DATA FOR THE TASK START

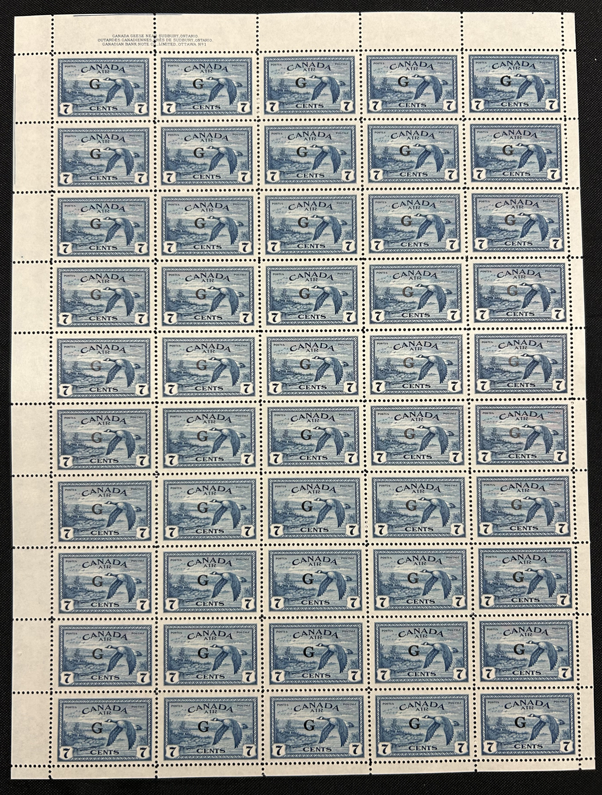 72 nh CO2 image1950 7c Blue Canada Goose Official, Overprinted G, a complete mint never hinged sheet of 50, with plate 1 inscription at upper left, fresh with no evidence of having been previously folded, very fine.
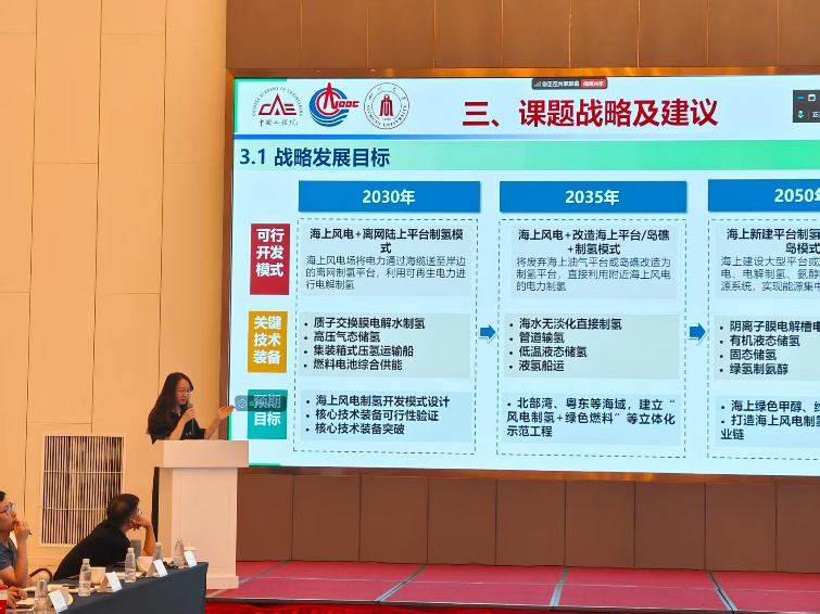 公司吴霁薇副研究员负责“我国海上浮式风电产业发展战略研究”项目任务五个课题之一“海上浮式风电规模化开发电氢耦合技术及装备研究”。会上,吴霁薇从项目基本情况、主要研究成果和课题战略及建议三个方面介绍了该课题项目研究进展与结题成果。
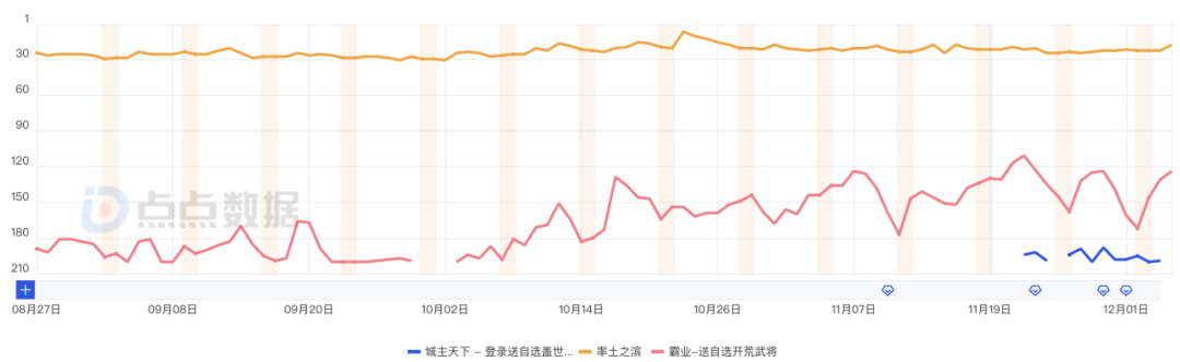 点点数据显示,截止至12月1日,在近90天时间里,《率土之滨》在iOS畅销榜中一直保持着较高的排名,位居赛道头部。腰部方面,三七互娱首款自研SLG《霸业》在近期也迎来提升,目前位居iOS畅销榜百名左右的位置。此外,三七代理、中手游首款自研SLG《城主天下》12月也在尝试冲榜。
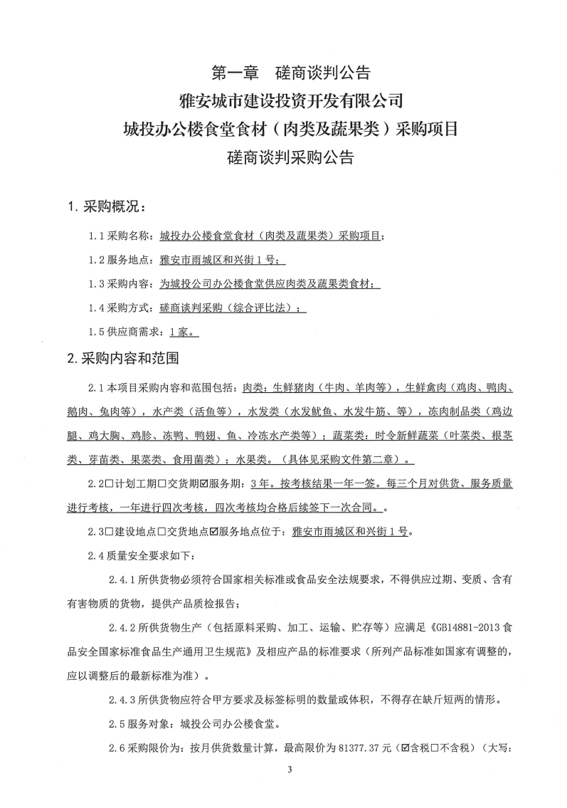 雅安城市建設投資開發(fā)有限公司城投辦公樓食堂食材(肉類及蔬果類)采購項目磋商談判采購公告
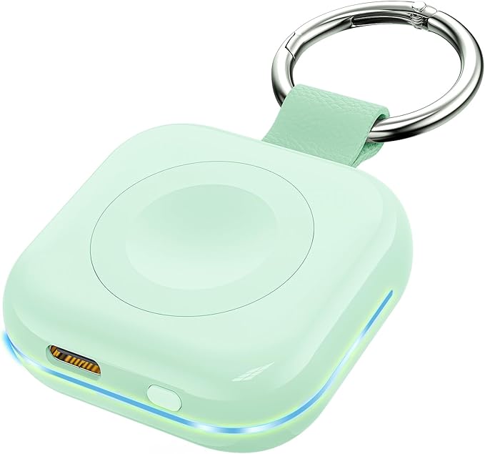 This portable charger compatible with Apple Watch Series 10 9 8 7 6 5 4 3 2 1 SE Ultra 2 Ultra 49mm 46mm 45mm 44mm 42mm 41mm 40mm 38mm. You can choose the charging method that suits your needs for more convenience and speed. Magnetic Power Bank for Wireless Charging and Built-in 1200 mAh battery offers 1-1.5 times of charge for your watch, Magnet design enables the apple watch charger to align correctly and start charging instantly once the magnetic charger gets close to the back of the iWatch. Charge your iWatch wherever and whenever you want without connecting to cables. This power bank built with a Type-C port for both input. The size of the cute keychain portable charger for apple watch is about the size of your watch. The comfortable frosted feel makes people love it. New indicator light design(0-30% Red Light,30%-60% Blue Light,60%-100% Green Light), fashion, keychain design, Convenient for all kinds of travel. Portable iWatch power bank is designed with over current, over voltage, short circuit and over heat protection. Provide a convenient and safe charging environment for your family, ensuring stable and fast charging of iWatch and charger. Also the portable Apple Watch charger provides a Type -C cable for quick charging of the charger.
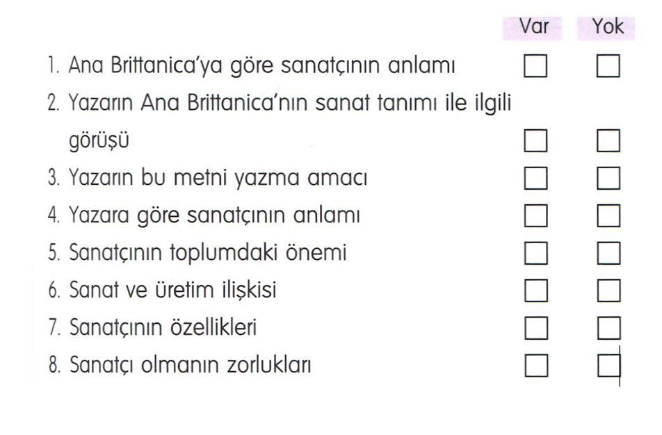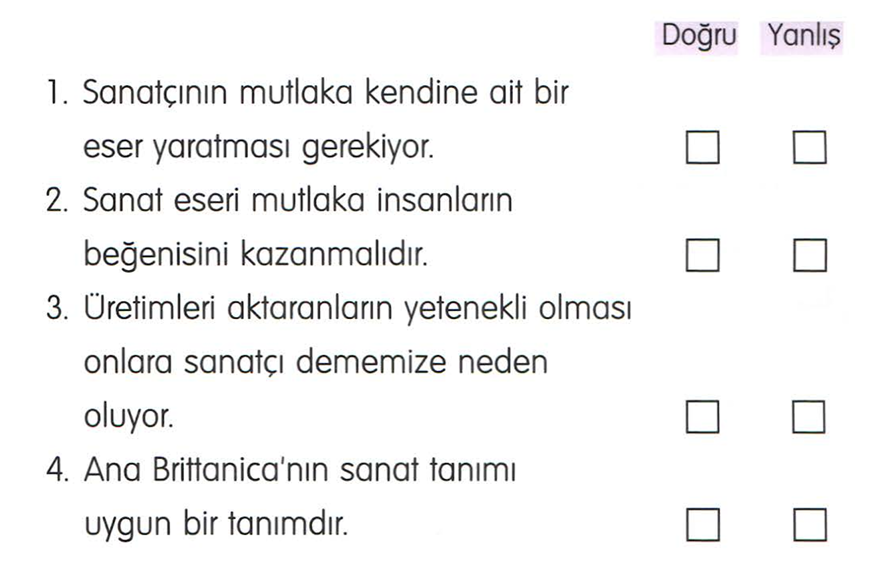 Bana göre de Ana Brittanica’nın tanımı yerindedir. Sanatta en önemli nokta şudur: Sanat üretmektir. Bu durumda da bir kişi, yeni ve özgün eser üretmiyorsa ona sanatçı demememiz gerekir. Oyleyse, saz sanatçılarını, ses sanatçılarını, aktörleri sanatçı kategorisinden çıkarmamız lazım. Çünkü bunlar yeni ve özgün eserler üretmiyorıarı Onlar, başkalarının eserlerini bize iletmekten başka bir şey yapmıyorıarı Onlar sadece üretimleri bize iletmekle görevli insanlar.

DATA FOR THE TASK END

Output the data above without changes, apart from leaving out the pictures.

[FINISHED TASK]
 72 nh CO2 image1950 7c Blue Canada Goose Official, Overprinted G, a complete mint never hinged sheet of 50, with plate 1 inscription at upper left, fresh with no evidence of having been previously folded, very fine.
 公司吴霁薇副研究员负责“我国海上浮式风电产业发展战略研究”项目任务五个课题之一“海上浮式风电规模化开发电氢耦合技术及装备研究”。会上,吴霁薇从项目基本情况、主要研究成果和课题战略及建议三个方面介绍了该课题项目研究进展与结题成果。
 点点数据显示,截止至12月1日,在近90天时间里,《率土之滨》在iOS畅销榜中一直保持着较高的排名,位居赛道头部。腰部方面,三七互娱首款自研SLG《霸业》在近期也迎来提升,目前位居iOS畅销榜百名左右的位置。此外,三七代理、中手游首款自研SLG《城主天下》12月也在尝试冲榜。
 雅安城市建設投資開發(fā)有限公司城投辦公樓食堂食材(肉類及蔬果類)采購項目磋商談判采購公告
 This portable charger compatible with Apple Watch Series 10 9 8 7 6 5 4 3 2 1 SE Ultra 2 Ultra 49mm 46mm 45mm 44mm 42mm 41mm 40mm 38mm. You can choose the charging method that suits your needs for more convenience and speed. Magnetic Power Bank for Wireless Charging and Built-in 1200 mAh battery offers 1-1.5 times of charge for your watch, Magnet design enables the apple watch charger to align correctly and start charging instantly once the magnetic charger gets close to the back of the iWatch. Charge your iWatch wherever and whenever you want without connecting to cables. This power bank built with a Type-C port for both input. The size of the cute keychain portable charger for apple watch is about the size of your watch. The comfortable frosted feel makes people love it. New indicator light design(0-30% Red Light,30%-60% Blue Light,60%-100% Green Light), fashion, keychain design, Convenient for all kinds of travel. Portable iWatch power bank is designed with over current, over voltage, short circuit and over heat protection. Provide a convenient and safe charging environment for your family, ensuring stable and fast charging of iWatch and charger. Also the portable Apple Watch charger provides a Type -C cable for quick charging of the charger.
 Bana göre de Ana Brittanica’nın tanımı yerindedir. Sanatta en önemli nokta şudur: Sanat üretmektir. Bu durumda da bir kişi, yeni ve özgün eser üretmiyorsa ona sanatçı demememiz gerekir. Oyleyse, saz sanatçılarını, ses sanatçılarını, aktörleri sanatçı kategorisinden çıkarmamız lazım. Çünkü bunlar yeni ve özgün eserler üretmiyorıarı Onlar, başkalarının eserlerini bize iletmekten başka bir şey yapmıyorıarı Onlar sadece üretimleri bize iletmekle görevli insanlar.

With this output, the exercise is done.